The situation is most critical in Somalia, where the United Nations estimates that 750,000 are at imminent risk of starvation and where the conflict and access issues have greatly exacerbated the situation. Famine has been declared in six districts of the country and hundreds of thousands of people have moved to Mogadishu or across the border to Kenya or Ethiopia.
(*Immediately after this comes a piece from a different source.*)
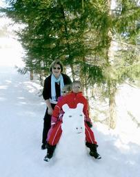 Keywords: snow children lilli sonnenburg winter riezlern cheerful woman snow man funny nature holiday tree green white red away hiking slide out snow suit scarf toboggan sunglasses

Meanwhile, millions of people in Kenya, Ethiopia and Djibouti, continue to face severe difficulties of their own.

Ireland has responded swiftly to the crisis, allocating more than €10 million for emergency assistance to UN agencies, the Red Cross movement and other humanitarian agencies working in the Horn of Africa.

In addition, at a United Nations Ministerial Summit on the Horn of Africa in New York last week, the Tánaiste, Eamon Gilmore TD, pledged a further €10 million in humanitarian assistance in 2011 and 2012. Our emergency assistance combined with our longer term food security support to the region will amount to approximately €50 million in 2011 and 2012. Ireland continues to be one of the most committed and generous donors to the region in per capita terms.

Other donors have also contributed significantly to the relief operation, with pledges to date reaching €1.8 billion of the estimated €2.5 billion cost of the relief operation to the end of 2011. The European Commission and EU Member States have provided more than half a billion euro, the United States has pledged more than $600 million and the UN's own Central Emergency Response Fund (CERF), to which Ireland is a major contributor, has also allocated over $117 million. These funds have allowed the UN, the Red Cross and many NGOs to provide food, health care and other assistance to many hundreds of thousands of people.

While many have given generously the UN has warned that the relief operation requires a further $700 million in 2011 if all of the needs in the region are to be met. Under these circumstances there is an onus on national governments, including those which are not traditional aid donors, as well as the private sector, to step up their assistance.

At EU level, Ireland has already been instrumental in pushing for a more intensive response and I used the recent meeting of EU Development Ministers in Sopot in Poland to call on the EU to respond quickly and generously. We will continue to call on the international community to increase its efforts in the period ahead.